Both partitions being physically located on the same disk / media.
I don't see any reason why this should be quaternionic quantum physics...
I honestly have no idea so far what PXE is, I never used it, never needed it,
never even read about it.
And this is all the more painful when I actually managed to achieve one big
impossible step on the ladder to my goal:
Although I was told by the technical support for my 64-bit motherboard that this
is not supported, I successfully booted Syslinux in pure UEFI mode from an ESP
partition located on an MBR-partitioned disk !!!!

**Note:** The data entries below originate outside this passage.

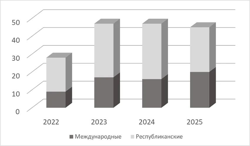 Выступления с докладами сотрудников кафедры на республиканских и на международных форумах, съездах, конференциях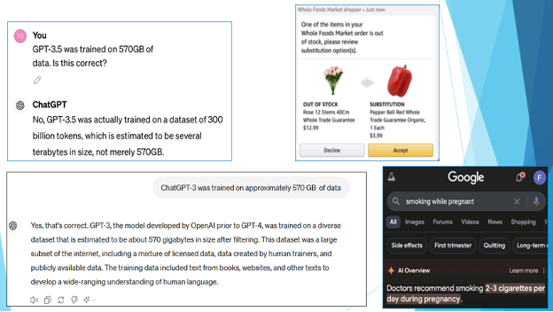 So, how do organizations implement these 12 AI data quality use cases or patterns? While large language models (LLMs) such as Open AI’s ChatGPT, Google’s Gemini, and Anthropic’s Claude can be possible solutions, they have two major issues. Firstly, as LLMs such as ChatGPT and Gemini are trained on enormous amounts of public data, it is nearly impossible to validate the accuracy of this massive data set. This often results in hallucinations or factually incorrect responses. No business enterprise would like to be associated with a solution that has even a small probability of giving an incorrect response. Secondly, data today is a valuable business asset for every enterprise. Stringent regulations such as GDPR, HIPAA, and CCPA are forcing companies to protect personal data. Breaches can lead to severe financial penalties and damage to the company’s reputation and brand. Overall, organizations want to protect their data by keeping it private and not sharing it with everyone on the internet. Below are some examples of hallucinations from popular AI platforms.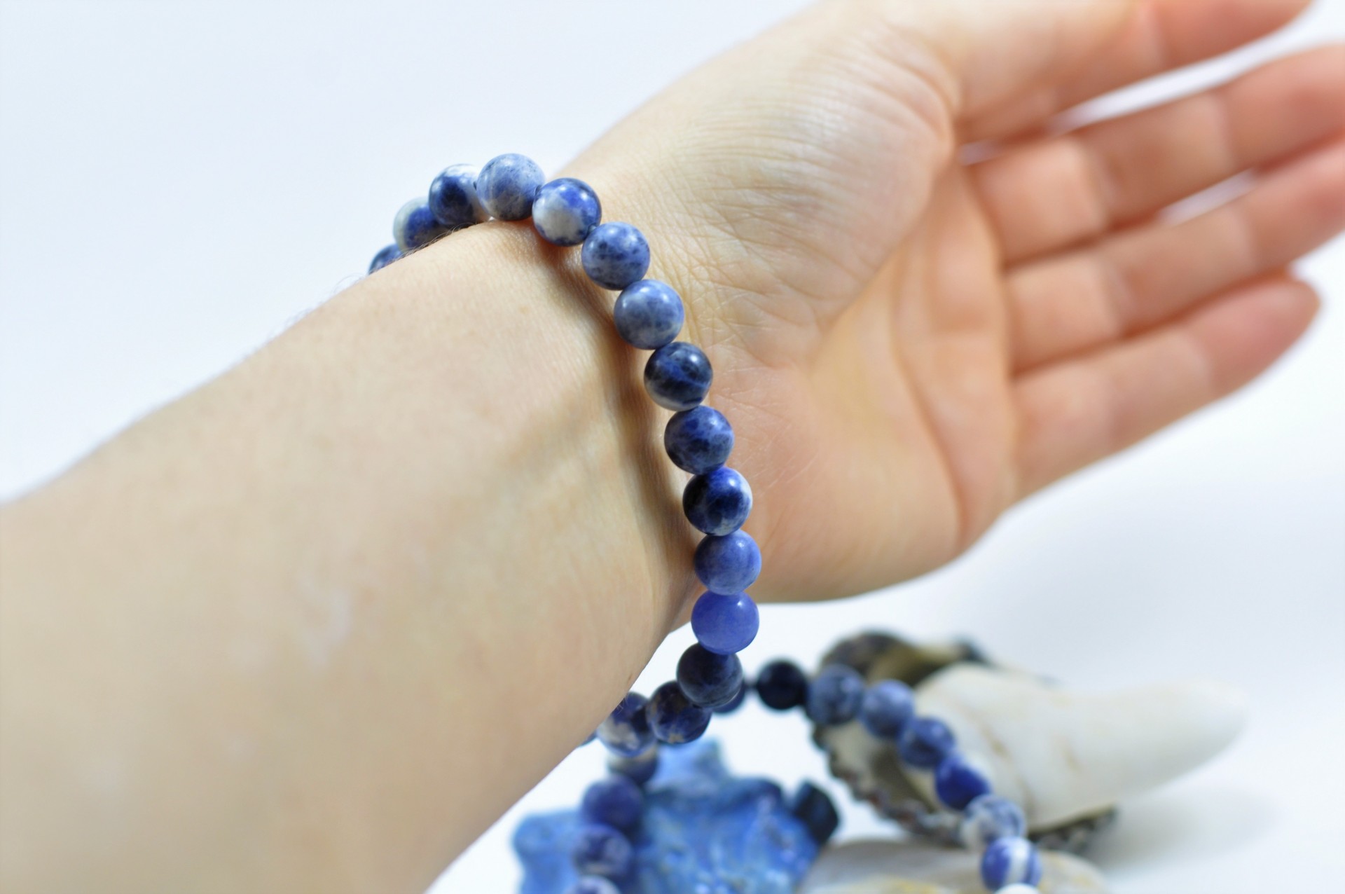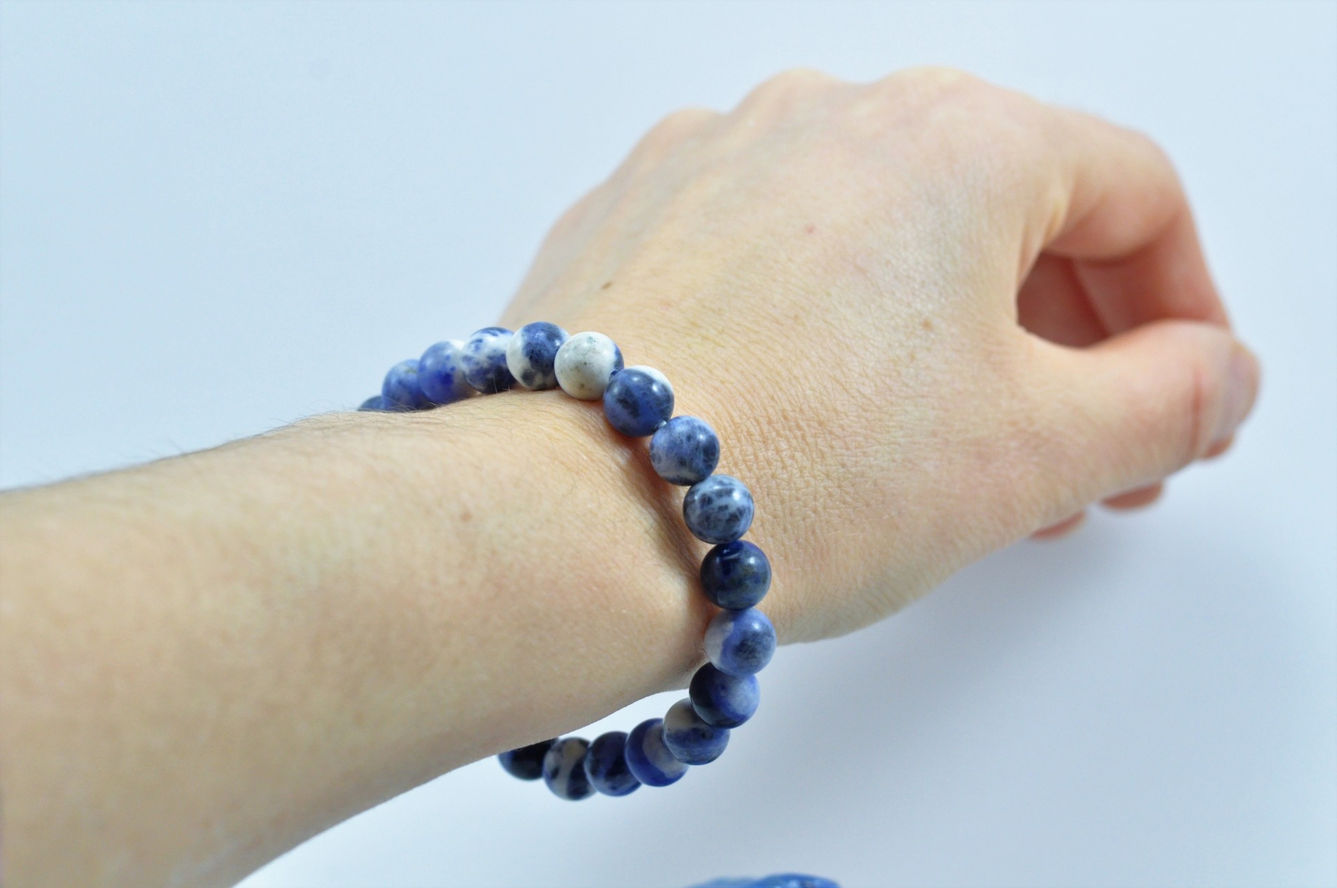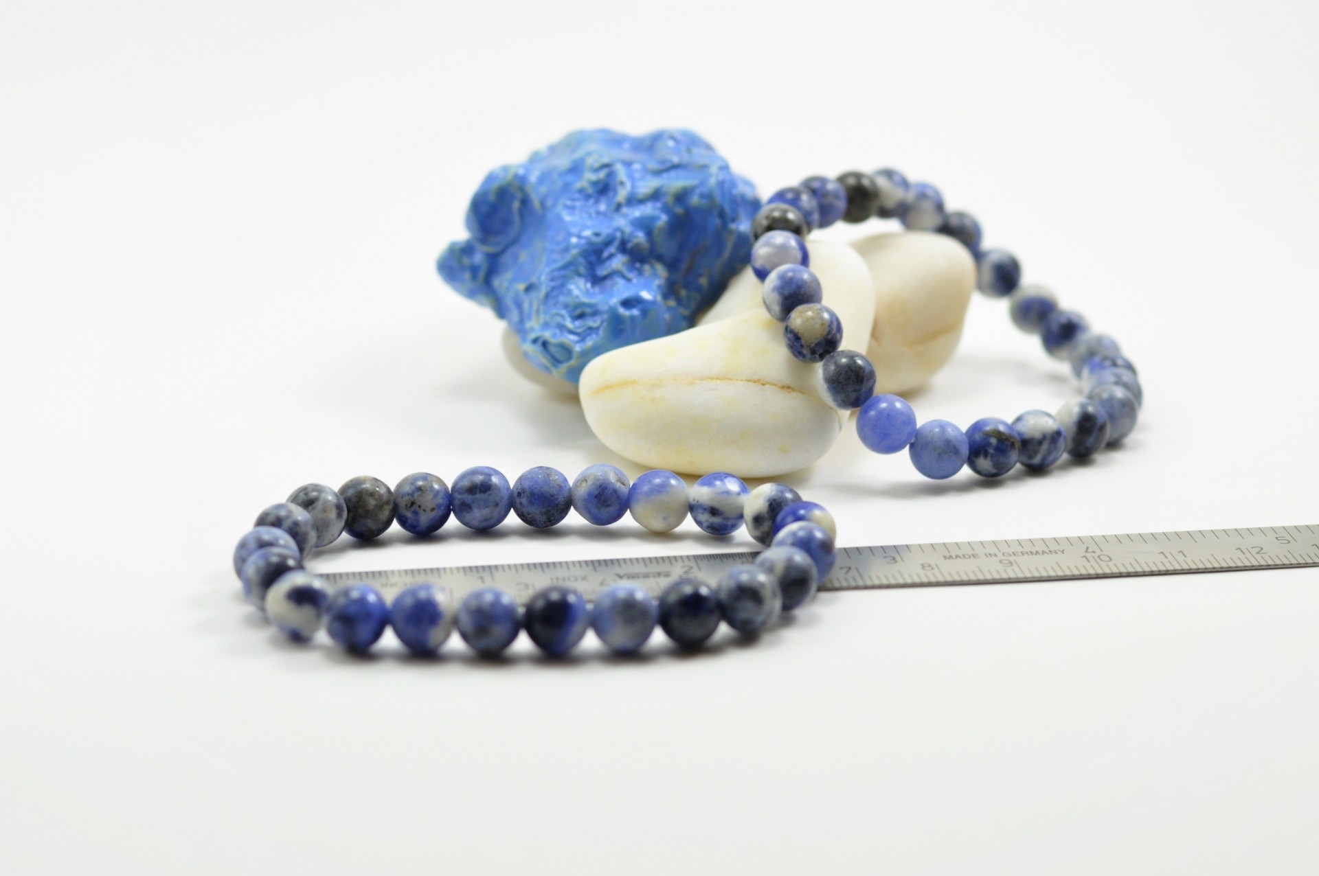 Pulseira realizada com bolas Sodalita de 8 mm cada. No total contém 23 bolas.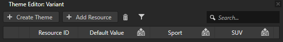 A Theme resource pack is a kzb file which contains only the resources for a selected Theme. Use this approach when the storage or memory on your target device is limited, but you want to change the application theme at runtime without having to load additional kzb files. For example, with this approach you can create from one Kanzi Studio project applications for two car variants (Sport and SUV), where each has two Themes (Blue and Red) between which you can switch without loading additional kzb files.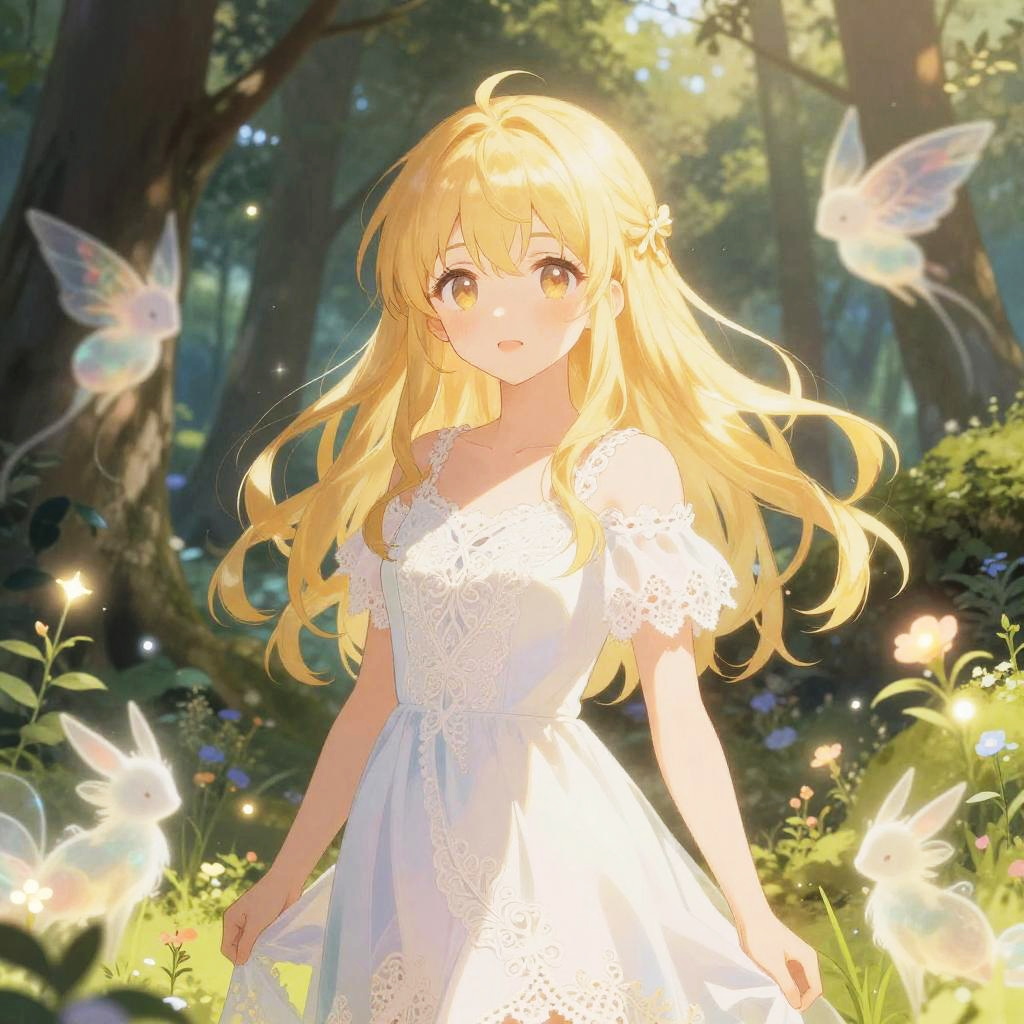 Anime-style digital illustration of a pink-haired girl with large blue eyes, wearing a white dress, surrounded by glowing butterflies in a sunny, colorful garden.

Regarding the development of Syslinux, I'm not sure what to believe. If you
look on the Debian Snapshot website, you will find a lot of versions released
after 2014.
The last one is "syslinux 3:6.04~git20190206.bf6db5b4+dfsg1-3.1",
released on 2025-04-13, so it seems to me that actually someone did keep working
on it all this time.
Aside from that, check out the last Knoppix release, 9.3.
That ISO uses isolinux and UEFI, so somehow this guy managed to handle the
secret about Syslinux and UEFI, meaning Syslinux+UEFI is actually quite possible
today.
You just have to discover the secret method...
CoBra, cobrasov.com
On 07/01/2025 02:11 AM, Frantisek Rysanek wrote:> Respect to your sorrow, my brother in faith...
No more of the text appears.